■ **DIRECTIONS FOR THIS TASK**: When you retype the entries, keep each one exact and leave out the pictures.
===
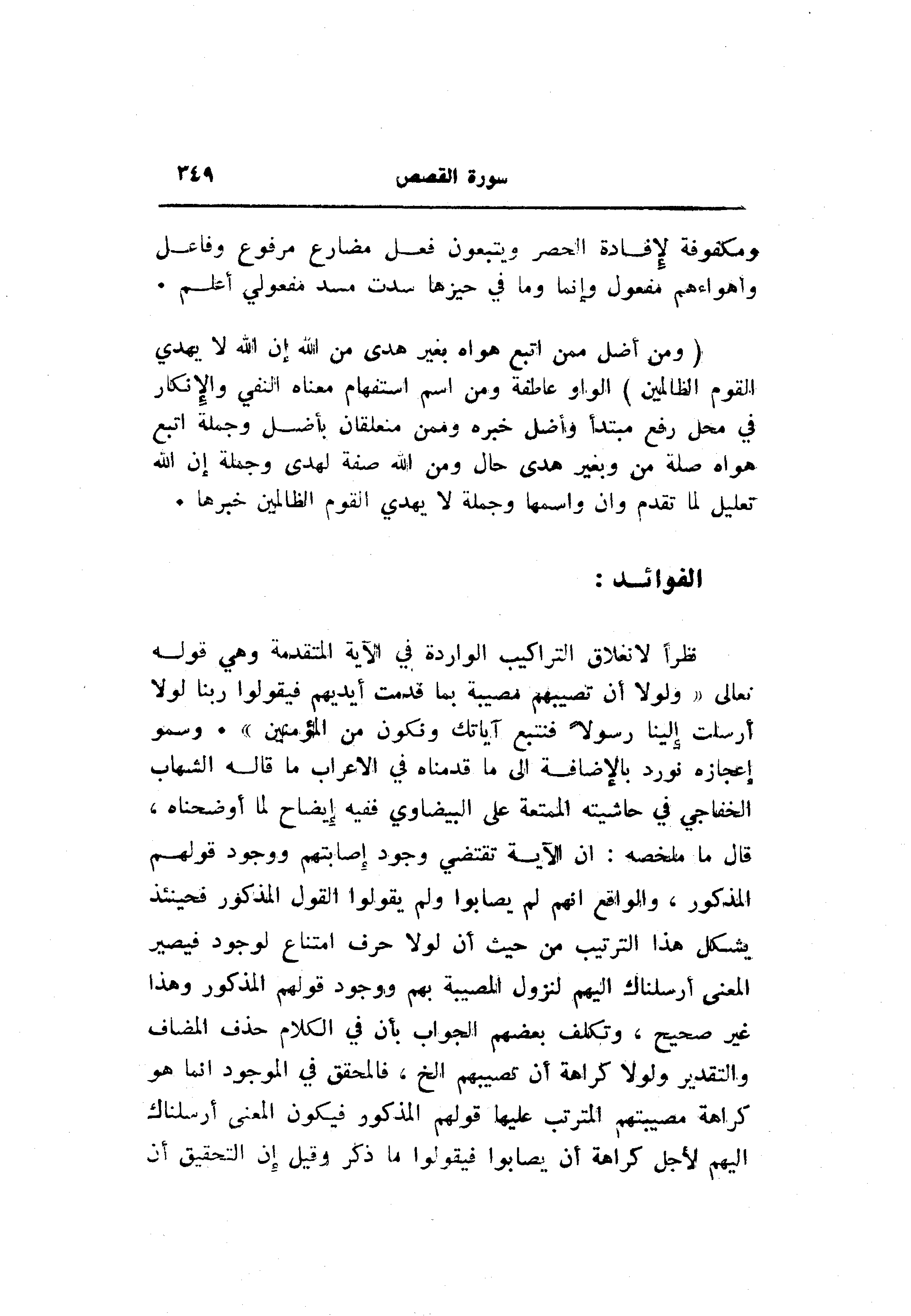 نظرا لانغلاق التراكيب الواردة في الآية المتقدمة وهي قوله تعالى «ولولا أن تصيبهم مصيبة بما قدمت أيديهم فيقولوا ربنا لولا أرسلت إلينا رسولا فنتبع آياتك ونكون من المؤمنين» . وسمو إعجازه نورد بالإضافة الى ما قدمناه في الاعراب ما قاله الشهاب الخفاجي في حاشيته الممتعة على البيضاوي ففيه إيضاح لما أوضحناه، قال ما ملخصه: ان الآية تقتضي وجود إصابتهم ووجود قولهم المذكور، والواقع انهم لم يصابوا ولم يقولوا القول المذكور فحينئذ يشكل هذا الترتيب من حيث أن لولا حرف امتناع لوجود فيصير المعنى أرسلناك إليهم لنزول المصيبة بهم ووجود قولهم المذكور وهذا غير صحيح، وتكلف بعضهم الجواب بأن في الكلام حذف المضاف والتقدير ولولا كراهة أن تصيبهم إلخ، فالمحقق في الموجود انما هو كراهة مصيبتهم المترتب عليها قولهم المذكور فيكون المعنى أرسلناك إليهم لأجل كراهة أن يصابوا فيقولوا ما ذكر وقيل إن التحقيق أن
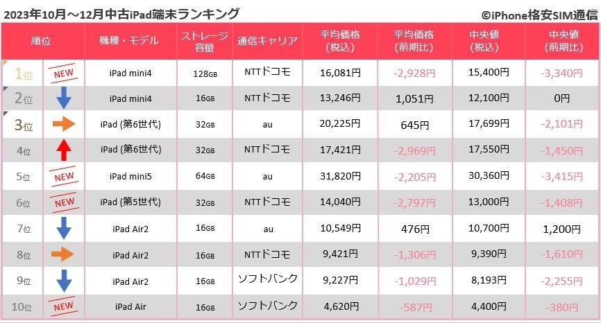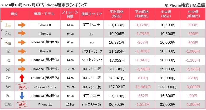 2023年10月〜12月中古スマホ取引数ランキング
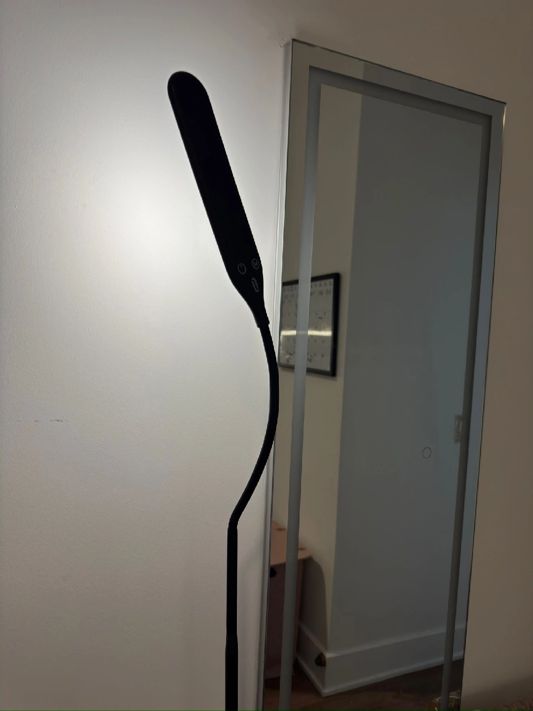 Selling a black OttLite LED floor lamp. It’s in great condition and perfect for reading or any task that needs focused light. It has an adjustable gooseneck and touch controls for easy use
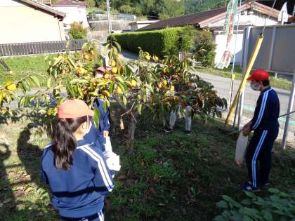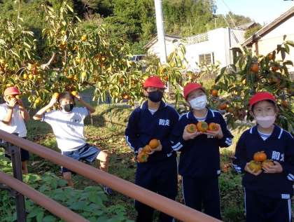 10月19日(水)、地域の方に声をかけていただいた柿採りをしていたのは、5、6年生です。どれが熟れておいしい柿かをじっくりと見定めながら、収穫させていただきました。
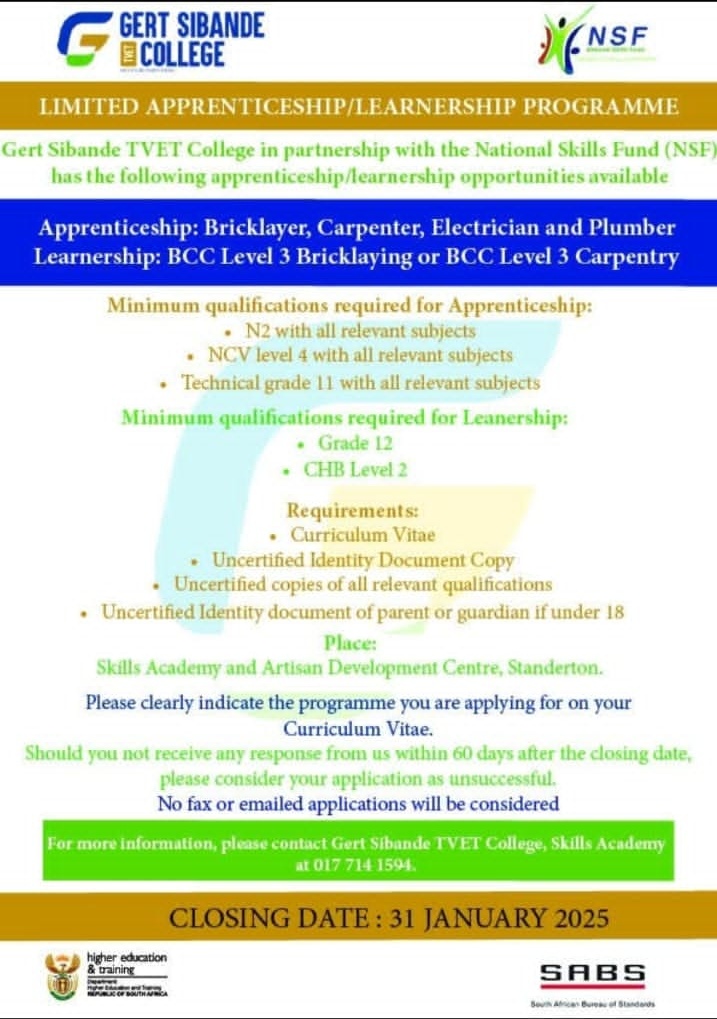 Are you ready to start your career as an artisan? Gert Sibande TVET College, in partnership with Skills Academy and the Artisan Development Centre, offers limited apprenticeship opportunities in collaboration with merSETA. These exciting apprenticeship programs are a gateway to hands-on training and experience in fields.
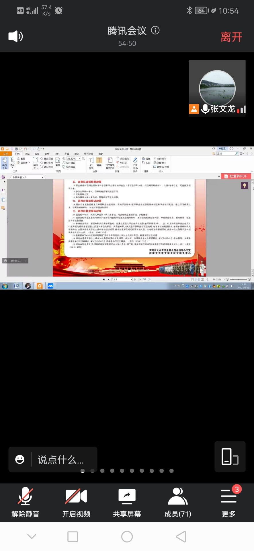 为落实学校关于开展2022年毕业生就业创业政策宣传月活动,促进2018级毕业生更加充分更高质量就业,4月25日晚上,太阳集团tyc138辅导员张文龙老师利用腾讯会议给2018级毕业生开展就业政策宣讲,2018级心理学专业学生参加了会议。
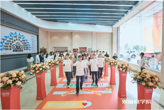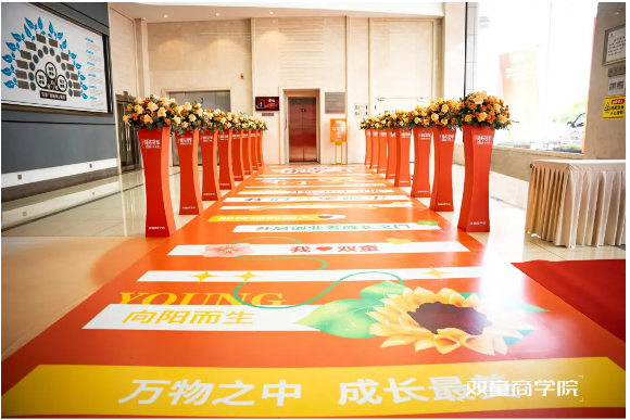為了讓本次開學典禮更加與眾不同,雙童商學院的教研團隊可謂是“煞費苦心”,提前好幾天就開始著手開學儀式的場地搭建,為了讓每一位同學都能體驗到賓至如歸的溫馨氛圍,他們將細節落實到了每一處。
===
■ **FINISHED EXERCISE**:
 نظرا لانغلاق التراكيب الواردة في الآية المتقدمة وهي قوله تعالى «ولولا أن تصيبهم مصيبة بما قدمت أيديهم فيقولوا ربنا لولا أرسلت إلينا رسولا فنتبع آياتك ونكون من المؤمنين» . وسمو إعجازه نورد بالإضافة الى ما قدمناه في الاعراب ما قاله الشهاب الخفاجي في حاشيته الممتعة على البيضاوي ففيه إيضاح لما أوضحناه، قال ما ملخصه: ان الآية تقتضي وجود إصابتهم ووجود قولهم المذكور، والواقع انهم لم يصابوا ولم يقولوا القول المذكور فحينئذ يشكل هذا الترتيب من حيث أن لولا حرف امتناع لوجود فيصير المعنى أرسلناك إليهم لنزول المصيبة بهم ووجود قولهم المذكور وهذا غير صحيح، وتكلف بعضهم الجواب بأن في الكلام حذف المضاف والتقدير ولولا كراهة أن تصيبهم إلخ، فالمحقق في الموجود انما هو كراهة مصيبتهم المترتب عليها قولهم المذكور فيكون المعنى أرسلناك إليهم لأجل كراهة أن يصابوا فيقولوا ما ذكر وقيل إن التحقيق أن
 2023年10月〜12月中古スマホ取引数ランキング
 Selling a black OttLite LED floor lamp. It’s in great condition and perfect for reading or any task that needs focused light. It has an adjustable gooseneck and touch controls for easy use
 10月19日(水)、地域の方に声をかけていただいた柿採りをしていたのは、5、6年生です。どれが熟れておいしい柿かをじっくりと見定めながら、収穫させていただきました。
 Are you ready to start your career as an artisan? Gert Sibande TVET College, in partnership with Skills Academy and the Artisan Development Centre, offers limited apprenticeship opportunities in collaboration with merSETA. These exciting apprenticeship programs are a gateway to hands-on training and experience in fields.
 为落实学校关于开展2022年毕业生就业创业政策宣传月活动,促进2018级毕业生更加充分更高质量就业,4月25日晚上,太阳集团tyc138辅导员张文龙老师利用腾讯会议给2018级毕业生开展就业政策宣讲,2018级心理学专业学生参加了会议。
為了讓本次開學典禮更加與眾不同,雙童商學院的教研團隊可謂是“煞費苦心”,提前好幾天就開始著手開學儀式的場地搭建,為了讓每一位同學都能體驗到賓至如歸的溫馨氛圍,他們將細節落實到了每一處。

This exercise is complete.